While these arguments may look attractive they do not show the whole picture. The topic of possible formation of federal or confederal union has two challenges.
The first of these challenges are the associated, security issues. As prominent Georgian expert, Mamuka Areshidze argues, Georgia might think about the confederal model but it is crucial to ensure that respective regulations are set in place to avoid unrecognized regions getting away from the metropolis with international approval. Moreover, there is a strong belief among various local actors that Kremlin’s final aspiration is to dominate over Georgia as a whole rather than its secessionist regions. So far, the federal or confederal models can be used by Moscow to undermine their neighbor’s sovereignty and influence Tbilisi via a pro-Russian agenda in Sukhumi and Tskhinvali.
Secondly, Georgia was never a multi-national kingdom or state as, for example, Canada or even Russia itself was and still is. So far, a comparison between Russia’s federal political model and Tbilisi is probably a stretch. Undoubtedly, the state has a history of cohabitation of various ethnical groups.
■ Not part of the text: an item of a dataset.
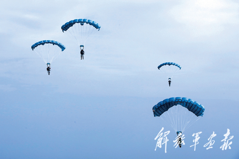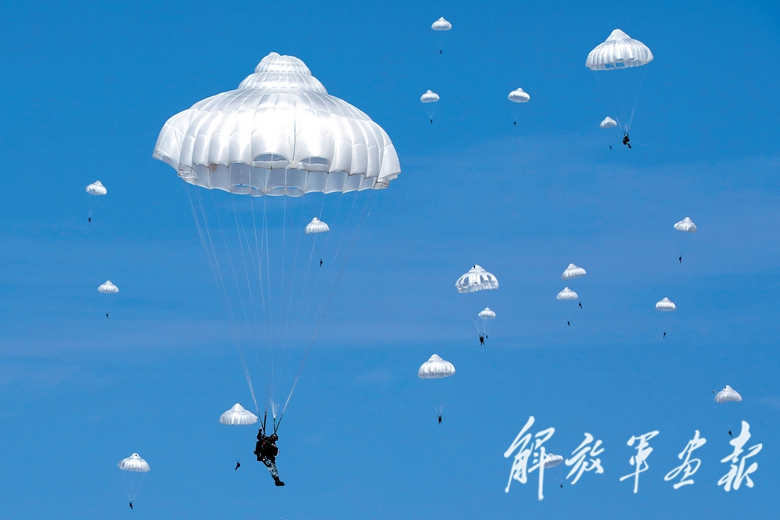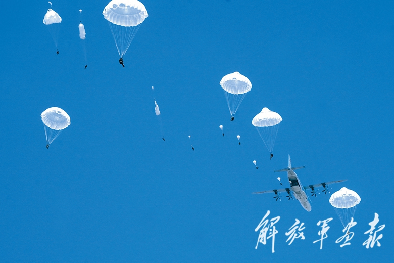 經(jīng)過空中編隊(duì)后,戰(zhàn)機(jī)抵達(dá)預(yù)定空域。機(jī)艙內(nèi)跳傘信號(hào)響起,全副武裝的傘兵迅速躍離機(jī)艙,朵朵傘花在空中競(jìng)相綻放,傘兵準(zhǔn)確操縱降落傘向預(yù)定地域飄去。

Even though Georgia is a home for approximately ten ethnic groups, they represent only 14% of the whole population. Moreover, while the case of Abkhazia is complicated and Mikhail Saakashvili, former president of Georgia (2004–2013), even offered to recognize Abkhazian as a second state language, the situation in so called South Ossetia is another case. Ossetians that are residents of Tskhinvali region settled there only in XIX–XX centuries and they arguably never reflected a multi-national nature of Georgia. Lastly, the comparison between Moscow and Tbilisi is a nonsensical due simply to the historical background.
Representatives of Georgia’s separatist regions and the Kremlin frequently blame Tbilisi for attempts to undermine the so-called Sochi Agreement, a ceasefire agreement that marked the end of Georgian-Abkhazian and Georgian-Ossetian conflicts. This document was signed in Sochi on June 24, 1992 between Georgia and Russia, the ceasefire with Abkhazia was marked on July 27, 1993.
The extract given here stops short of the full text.